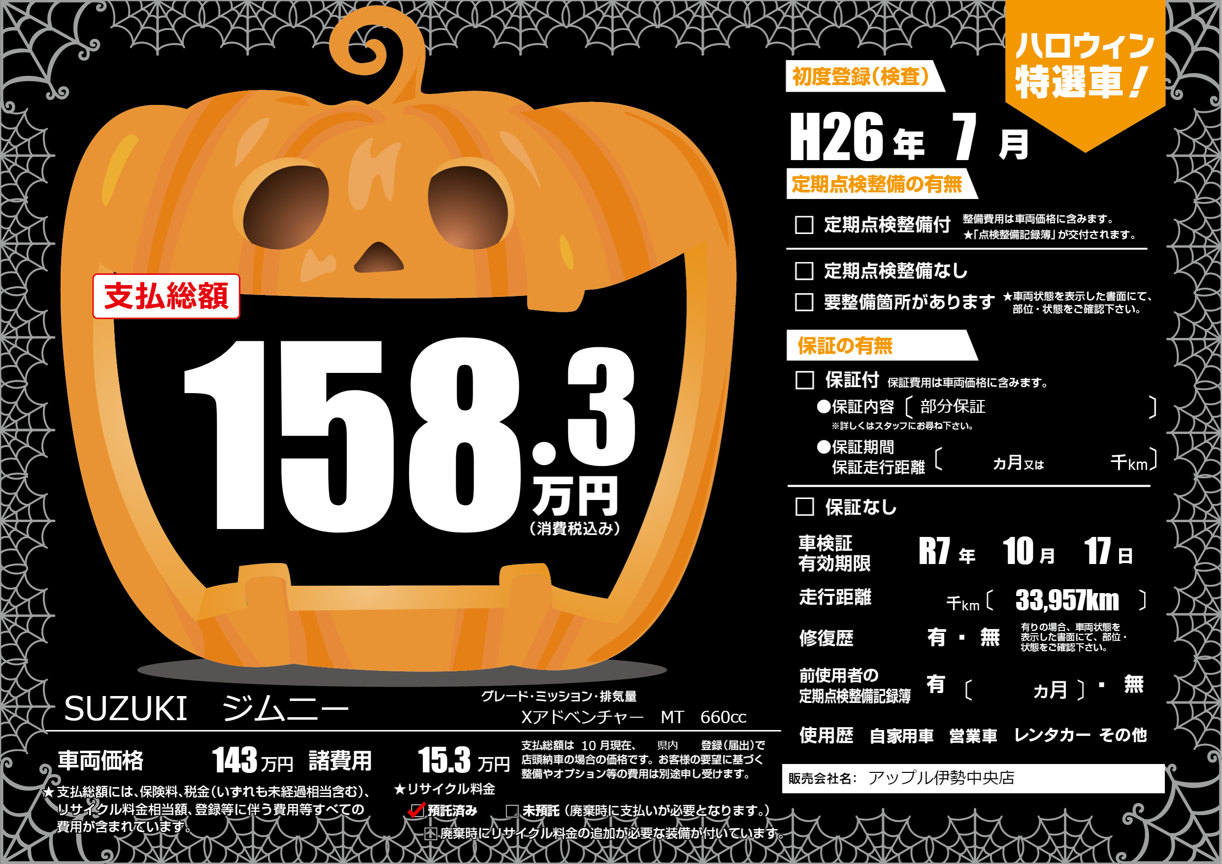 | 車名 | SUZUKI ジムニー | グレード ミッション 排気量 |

########################################

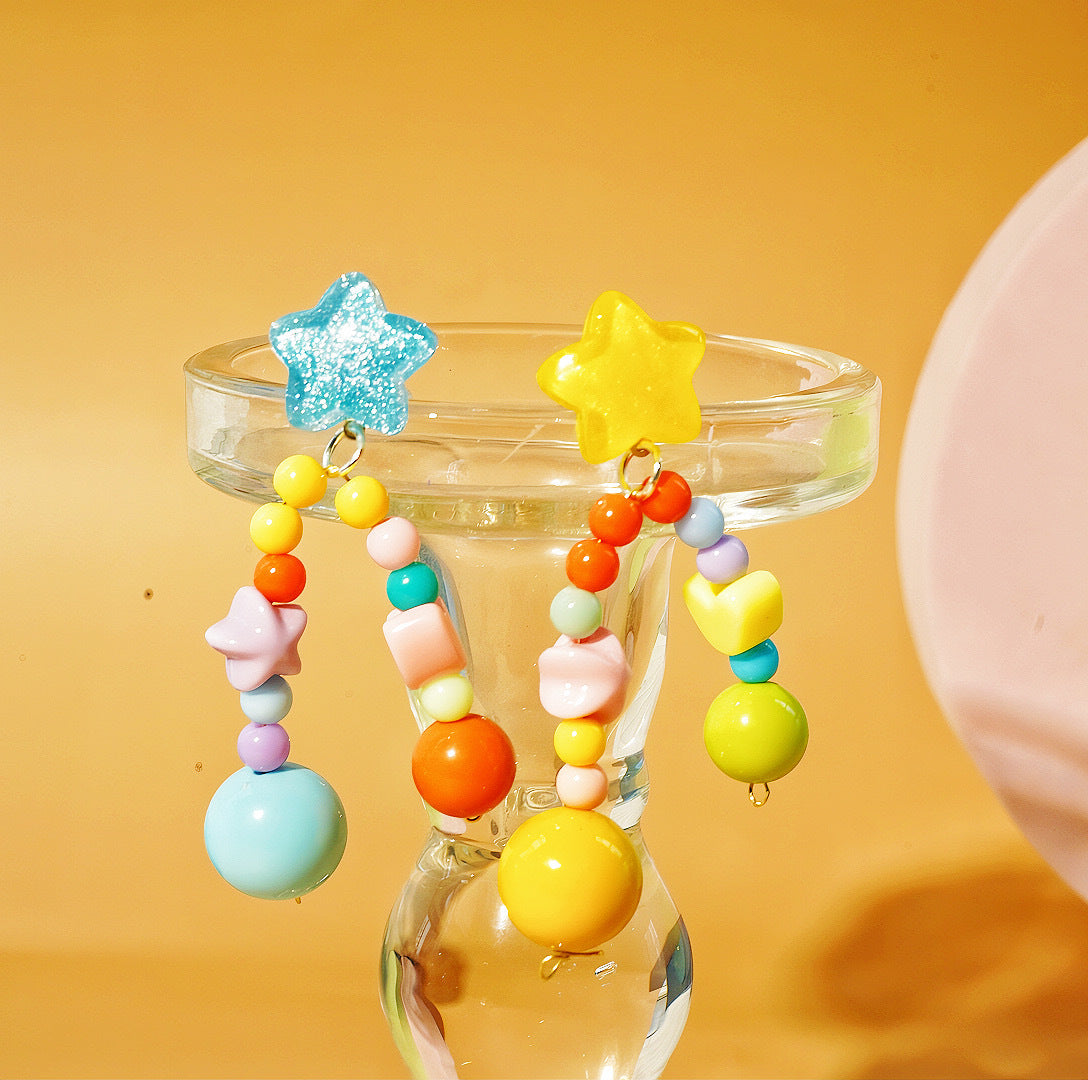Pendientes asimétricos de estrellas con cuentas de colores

########################################

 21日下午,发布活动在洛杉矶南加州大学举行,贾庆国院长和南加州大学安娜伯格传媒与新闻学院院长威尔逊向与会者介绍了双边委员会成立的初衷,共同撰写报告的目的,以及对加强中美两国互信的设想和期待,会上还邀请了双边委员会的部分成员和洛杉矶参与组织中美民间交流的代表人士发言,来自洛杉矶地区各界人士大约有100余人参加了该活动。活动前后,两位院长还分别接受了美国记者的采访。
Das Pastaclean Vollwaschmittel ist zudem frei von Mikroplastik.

########################################

**Exercise instructions:** Everything above from the line with "21日下午,发布活动在洛杉矶" to the line with "Das Pastaclean Vollwaschmittel", both included, must be repeated exactly, and nothing outside that range.

**Output for this exercise:**
 21日下午,发布活动在洛杉矶南加州大学举行,贾庆国院长和南加州大学安娜伯格传媒与新闻学院院长威尔逊向与会者介绍了双边委员会成立的初衷,共同撰写报告的目的,以及对加强中美两国互信的设想和期待,会上还邀请了双边委员会的部分成员和洛杉矶参与组织中美民间交流的代表人士发言,来自洛杉矶地区各界人士大约有100余人参加了该活动。活动前后,两位院长还分别接受了美国记者的采访。
Das Pastaclean Vollwaschmittel ist zudem frei von Mikroplastik.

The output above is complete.